With Sanders looking like the leader at this point, I think there are some lessons Sanders supporters need to learn from the UK general election. One of those is that older white men who appear too serious can come over as crotchety and unlikable, but I think Sanders has a better chance than Corbyn did of overcoming that.

Another is that the strategy of expanding the electorate, particularly the youth vote, by getting them excited, has not shown the returns expected. I'll be interested to see turnout figures for more primaries, particularly open primaries, as we go on: I strongly suspect Sanders will do well there, but the key question is whether he does well enough. It's not good enough to win over more 18-35 year olds than the other Dem candidates or to increase their turnout by a few percentage points in a primary. He has to show he can turn out enough of those voters to make a difference, and that is a lot of them. Corbyn did fine at turning out engaged younger members within the Labour party, but this last time in particular failed to get them out in the general election in sufficient numbers to matter. 

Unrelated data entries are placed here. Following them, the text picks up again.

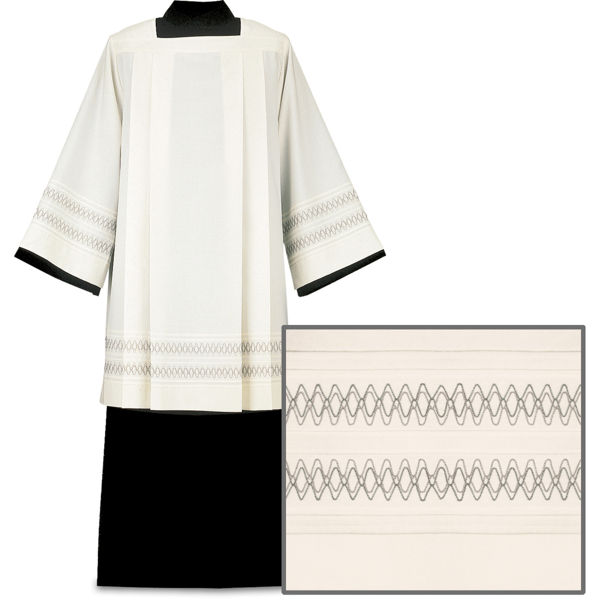 Washable surplice in Greco, beige. with a square neck finish and four pleats in front and back. The sleeves and skirt are decorated with stitched pleats and washable linear embroidery in grey(59).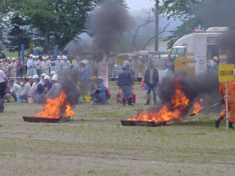 幾度となく重ねた動作でも、いざ本番となると、緊張が先きに走り、訓練の成果を生かせない方もいらっしゃいました。やはり見られている事は、大変なようです。心配された雨も、さほどひどくは感じられず、無事に演習を終了出来ました。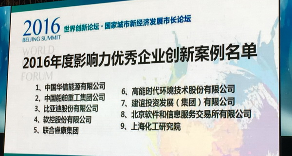12月15日,由新华社瞭望周刊社、中国电子信息产业发展研究院主办的“世界创新论坛•国家城市新经济发展市长论坛”在北京举行,主题为“全球创新与城市机遇”,金沙9001以诚为本总裁郑江家出席并发表演讲。在此次论坛举行的颁奖典礼上,金沙9001以诚为本因在2016年度科技创新工作中做出了突出成绩,从众多参选企业中脱颖而出,入选“世界创新论坛•2016年度优秀企业创新案例”。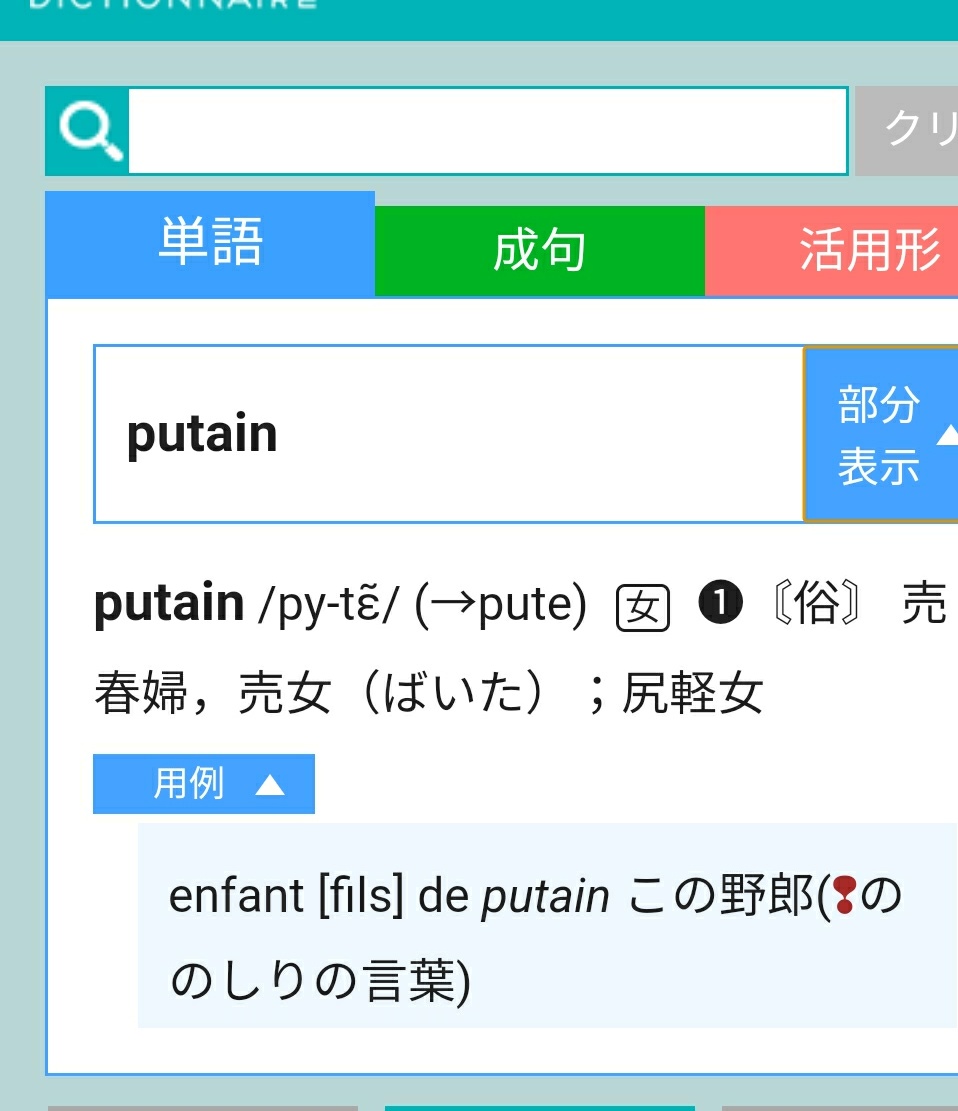 (八代《タカ》隆司)お返事、嬉しいわ。 あたしの如き小物にも律儀に。 光栄の限り。 >「『putain』は強度の侮蔑語・罵倒用語・悪罵用語であり…というデマは気になりませんか? その点はあたしもちっとも納得してないの。あたしも(同じsocio-culturelレベルであろう)同僚らも無意識に使ってる単語だしね。 (続く)

Another, more important point is that if you can't unify your party behind you, that's a serious handicap. Corbyn never could, and it mattered. It doesn't do any good to blame the other wing, and demand that they fall in line, either. If you're the leader, and the Presidential nominee is in effect the leader, it's your job to get the party behind you, not their job to fall into line. If Sanders wins this he needs to build bridges. 

Possibly the most dangerous trap, though, and one that really sank Corbyn in my opinion, is this: just because voters like your policies, doesn't mean they will vote for them. Corbyn's policies were stuff that voters should have liked and if you polled them individually, they were pretty popular. And he got obliterated. 

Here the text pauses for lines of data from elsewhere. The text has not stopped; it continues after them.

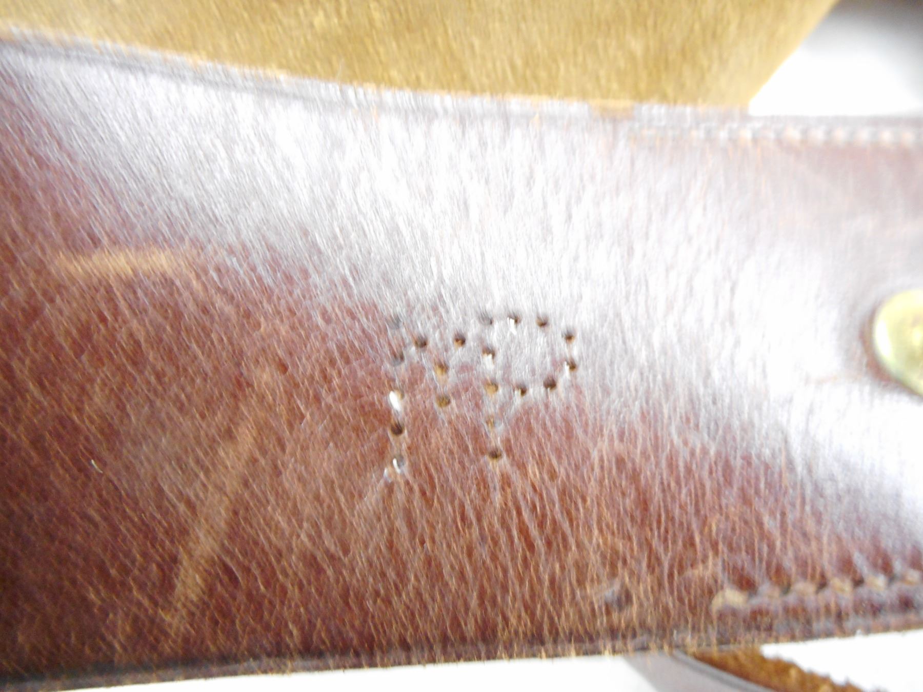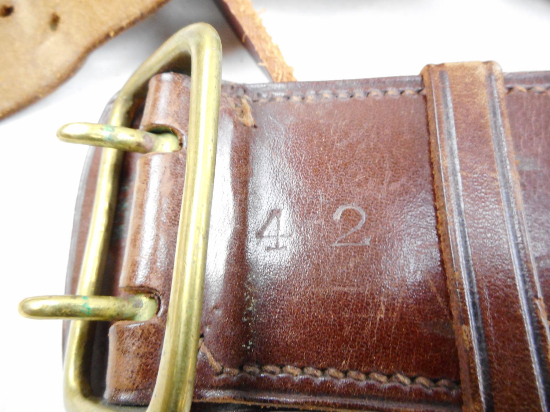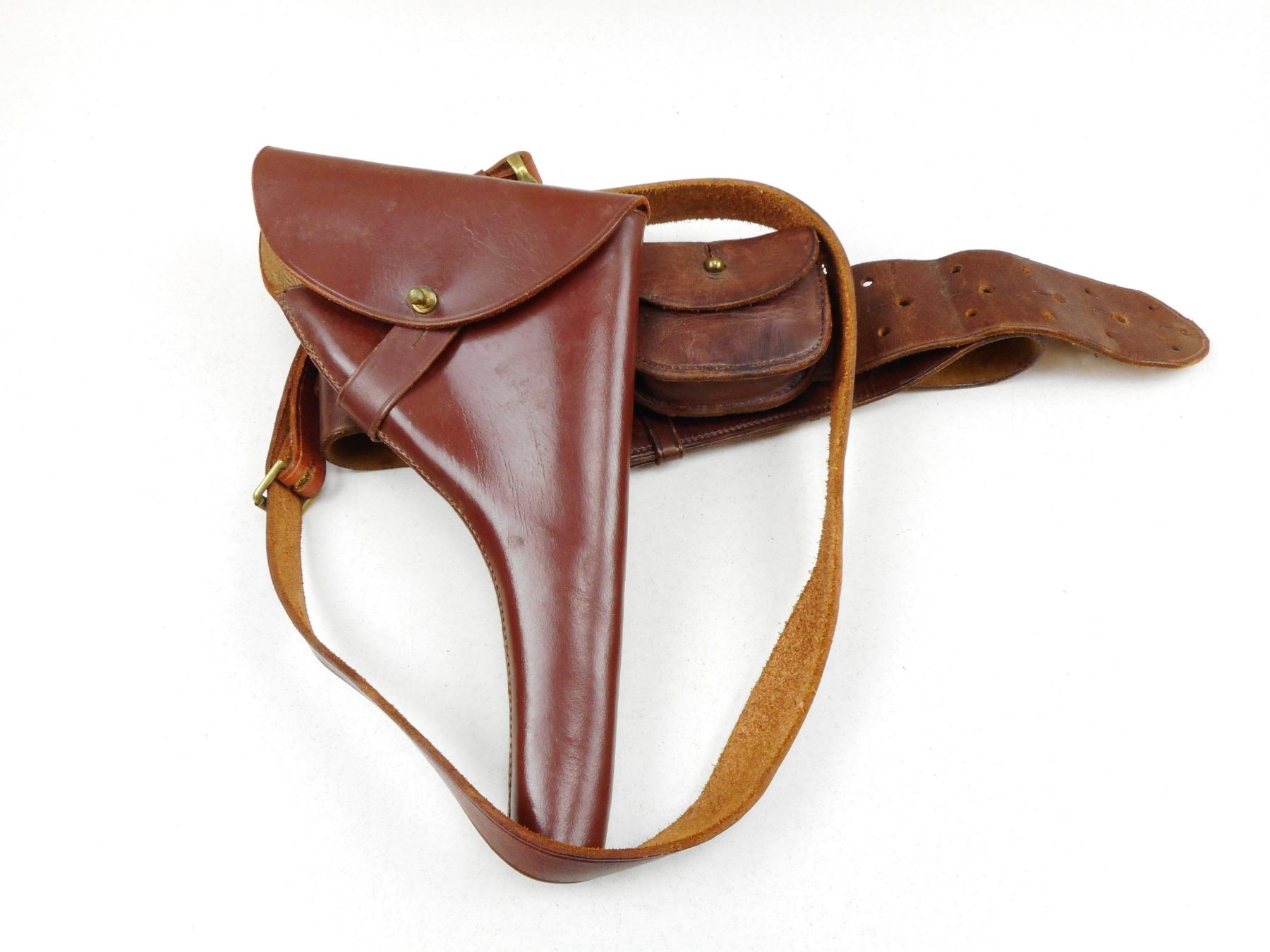 BROWN LEATHER BELT WITH HOLSTER , BELT MARKED 42 WITH PUNCHED OUT MP, HOLSTER WITH STRAP & AMMO POUCH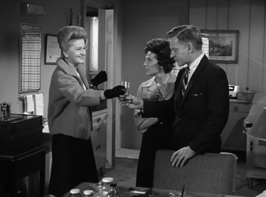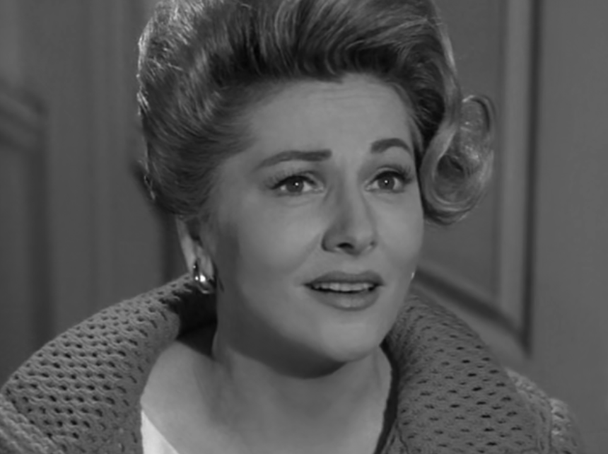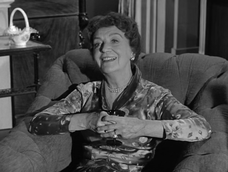 She made her foray into television in the early 1950s in such shows as The Chevrolet Tele-Theatre, Kraft Theatre, Armstrong Circle Theatre, Suspense, Climax!, Studio 57, Playhouse 90, and in 8 episodes of Robert Montgomery Presents. She was not only cast as Reverend Mother in Final Vow for The Alfred Hitchcock Hour she plays Sister Marie Theresa in season 1 episode The Dark Pool. And she plays John William’s shrewish wife in Alfred Hitchcock Presents, Back for Christmas.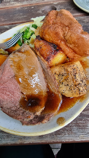 First the good points - This is a beautiful historic pub with a charming terraced sun trap garden that provides lovely views across the chimneys of the medieval town centre. I have been once before with family on a weeknight and the food was pleasant and the pub was stunning inside with low beams and fairy lights creating a cosy atmosphere. Now for the review of today's experience... We booked in online and on arrival we weren't clear where we should ask about our table (there are two entry doors) but as it was a beautiful day we picked a space in the garden. The scan here to order qr code didn't work so I went back down to order and gave our table number. Our roasts came out after about 20mins and the waitress initially put it on the neighbouring table until we stepped in and said it was ours. The young lad on the bar had apparently taken the table number down wrong. We were told our cauli cheese would be 5-10mins behind the mains, we weren't asked if we wanted sauces and we had to ask for cutlery. As our dinner was getting cold whilst we were waiting and I can appreciate that they're busy, I went back down to the bar to get these bits myself. The food itself was presented nicely, but every single part of it tasted bland. The only thing that had been seasoned was the extremely peppery potatoes. A little bit of salt during cooking would have made the world of difference to the potatoes, greens, mash and yorkies. The cauli cheese was mushy so I assume frozen, and had no real flavour, though the crumb they'd put on top was nice. My beef was medium at best but very dry, and my partner said the same for the pork. The tasty gravy was the saving grace for the dishes, though this is the first time we've left roast on the plate. Perhaps we've just been spoilt by the other Butcombe chain pubs (we are big fans of the rising sun and Ring O Bells) but we came away feeling very underwhelmed, especially given the price was the upper end of the scale. We didn't bring it up with the pub because nobody came to check how things were, we had paid at ordering and there was a queue for the bar when we had finished. If they'd offered us desserts I'd have declined on the basis of the quality...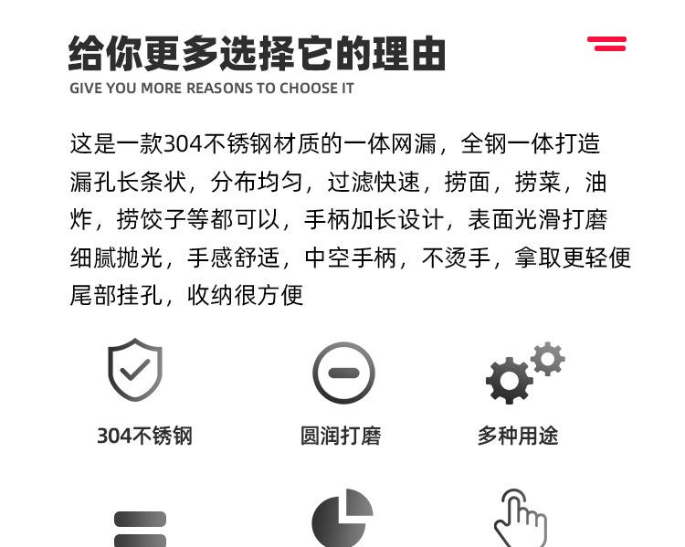 Escorredor de Peça Única Aço Inoxidável 304 Colher Escorredora para Bolinho Macarrão Filtro Escorredor para Hot Pot Frito Cozinha Novo Produto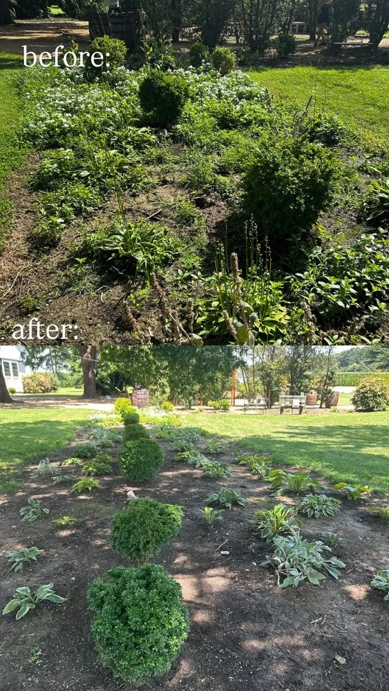The garden was obscured by weeds, and as we pruned and weeded, the most lovely boxwood and hosta garden emerged.

I've said it before: voting for most people is an emotional choice. Sanders supporters themselves are a really good demonstrator of that. I think Sanders can beat Trump because so many voters have such a strong negative emotional response to how Trump conducts himself. But the Trump camp will work to make the negative emotional response to Sanders stronger than that to Trump. This election won't be about policy, and don't mistake the fact that the Republicans will use policies like M4A as an emotional sledgehammer for this being a policy debate. It isn't and it won't be. It comes down to which of the two candidates people feel most comfortable with. 

Link to comment
Share on other sites

4 hours ago, Liffguard said:

 

Both of these strike me as pretty unfair. It's possible to be a socialist in the sense of ultimately wanting to see see a system other than capitalism, whilst also believing that the process of achieving that is going to be the work of generations, one policy or institution at a time. He's an incrementalist, not a revolutionist, but I don't see any reason to doubt that his desire for a different system is sincere.

Just google Bernie Sanders and revolution. It's one of his main selling points. That he's the leader of a revolution. That there's no time for achievable progress.

Link to comment
Share on other sites

So Trump just posted this:

Quote

FBI Director Christopher Wray just admitted that the FISA Warrants and Survailence of my campaign were illegal. So was the Fake Dossier. THEREFORE, THE WHOLE SCAM INVESTIGATION, THE MUELLER REPORT AND EVERYTHING ELSE FOR THREE YEARS, WAS A FIXED HOAX. WHO PAYS THE PRICE? This is the biggest political crime in American History, by far. SIMPLY PUT, THE PARTY IN POWER ILLEGALLY SPIED ON MY CAMPAIGN, BOTH BEFORE AND AFTER THE ELECTION, IN ORDER TO CHANGE OR NULLIFY THE RESULTS OF THE ELECTION. IT CONTINUED ON WITH THE IMPEACHMENT HOAX. Terrible!

Seen from afar, this kind of shit in an election year is scary.

Link to comment
Share on other sites

38 minutes ago, Jace, Basilissa said:

Just google Bernie Sanders and revolution. It's one of his main selling points. That he's the leader of a revolution. That there's no time for achievable progress.

Liffguard's line does feel it requires the Bender "Oh wait, you're serious? Let me laugh even harder" response.

For those who don't know the reference:

 

Link to comment
Share on other sites

45 minutes ago, Jace, Basilissa said:

Just google Bernie Sanders and revolution. It's one of his main selling points. That he's the leader of a revolution. That there's no time for achievable progress.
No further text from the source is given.